1137 – 22 januari 1188
Fernando II de León (1137 – Benavente (Zamora), 22 januari 1188). Koning van León tussen 1157 en 1188.

Ga naar:

 

Biografie


De Familie

Alfonso VII de León, Vader van Fernando II.

Hij is de zoon van Alfonso VII de León en koningin Berenguela de Barcelona, zijn grootouders van vaderskant waren graaf Raimundo de Borgoña en koningin Urraca I de León en van moederskant Ramon Berenguer III de Barcelona, graaf van Barcelona en zijn vrouw gravin Dulce de Provence. Hij had verschillende broers en zussen, waaronder Sancho III en Sancha de Castilla die met Sancho VI de Navarra trouwde. Hij was stiefbroer van Sancha de Castilla (dezelfde naam, maar het moge duidelijk zijn, verschillende moeders) die met Alfonso II de Aragón trouwde.

Kinderjaren en jeugd van de koning

Zijn opleiding werd toevertrouwd aan de Galicische magnaat, graaf Fernando Pérez de Traba, die ook afstamde van dezelfde oude ridders, net als zijn grootmoeder koningin Urraca I, en van de leermeesters en de belangenbehartigers van zijn vader, Alfonso VII. Hij, Fernando Pérez, was ook de vader van zijn tweede vrouw, Teresa Fernández de Traba. Hij wordt al snel ingewijd in  de overheidstaken. Vanaf 1151 werd hij al geassocieerd met (werkt hij mee ‘in naam van‘) de troon van zijn vader, samen met zijn jongere broer Sancho III (die later koning van Castilla zou worden). Het is in die tijd heel gebruikelijk dat zij hun documenten uit León en Galicia ondertekenen met de titel van koning, of met koning van Galicia.
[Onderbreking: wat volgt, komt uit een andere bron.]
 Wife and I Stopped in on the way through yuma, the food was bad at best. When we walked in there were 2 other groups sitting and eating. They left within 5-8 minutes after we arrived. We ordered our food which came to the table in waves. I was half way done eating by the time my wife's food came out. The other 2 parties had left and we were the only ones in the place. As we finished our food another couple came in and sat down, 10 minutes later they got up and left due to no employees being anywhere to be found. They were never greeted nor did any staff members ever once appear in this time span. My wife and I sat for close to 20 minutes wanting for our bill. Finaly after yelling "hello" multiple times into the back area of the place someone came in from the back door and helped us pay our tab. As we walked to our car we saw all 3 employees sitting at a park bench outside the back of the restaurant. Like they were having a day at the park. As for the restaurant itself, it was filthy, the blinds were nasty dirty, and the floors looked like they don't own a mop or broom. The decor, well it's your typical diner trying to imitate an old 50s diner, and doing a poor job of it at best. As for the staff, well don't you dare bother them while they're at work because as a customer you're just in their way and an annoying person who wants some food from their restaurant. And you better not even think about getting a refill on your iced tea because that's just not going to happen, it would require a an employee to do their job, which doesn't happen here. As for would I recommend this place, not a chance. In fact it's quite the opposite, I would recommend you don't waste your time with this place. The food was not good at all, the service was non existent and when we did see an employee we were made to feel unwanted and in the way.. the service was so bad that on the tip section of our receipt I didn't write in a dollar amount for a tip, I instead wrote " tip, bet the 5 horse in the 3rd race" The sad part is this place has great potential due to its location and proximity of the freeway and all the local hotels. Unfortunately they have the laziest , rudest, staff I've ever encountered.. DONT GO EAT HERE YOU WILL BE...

Van het begin af aan werd hij omringt met magnaten van León en Galicia, zoals de graven van Ponce de Minerva, Ramiro Froilaz, Pedro Alfonso en Fernando Pérez de Traba.

Middeleeuwse miniatuur dat Fernando II de León zou moeten voorstellen.
Persoonlijke Gegevens
Koning van León 1157 – 1188
Voorganger Alfonso VII ‘el Emperadore’
Opvolger Alfonso IX de León
Geboren 1137
Overleden 22 januari 1188 te Benavente
Familie
Dynastie Huis van Bourgondië
Vader Alfonso VII
Moeder Berenguela de Barcelona
Gemalin Urraca de Portugal
Teresa Fernández de Traba
Urraca López de Haro
Nakomelingen Alfonso IX de León
Sancho Fernández de León
Er waren meer nakomelingen maar die leefde allen slechts voor korte periodes.

Wapen van Fernando II de León

In 1155 vond er een concilie plaats in Valladolid. Tijdens dit concilie werd er overeenstemming bereikt over de voorwaarde van de verdeling van de staten van zijn vader, die toen nog leefde. Daar werden de koninkrijken León en Galicia onder hun soevereiniteit gesteld, met uitzondering van Tierra de Campos, Sahagún en Asturias de Santillana.

 

Begin van zijn regeerperiode en zijn eerste huwelijk met Urraca de Portugal

In 1157 stierf zijn vader koning Alfonso VII en zoals de overleden koning in zijn testament geregeld had, werd zijn tweede zoon genaamd Fernando II de León, degene die de gebieden van León en Galicia zou besturen. In 1158 stemde hij in met het Verdrag van Sahagún, om tegen de moslims te strijden, en de veroverde gebieden te delen met zijn broer Sancho, en dat in geval een van hen zou overlijden, de overlevende het koninkrijk van de overleden broer zou erven. Vanaf 1143 wordt het koninkrijk Portugal door de conferentie van Zamora officieel erkend als een onafhankelijk Prinsdom. Na de dood van Sancho, die in 1158 stierf, volgde zijn zoon Alfonso VIII de Castilla hem op en verklaarde de bepalingen van het Verdrag van Sahagún nietig.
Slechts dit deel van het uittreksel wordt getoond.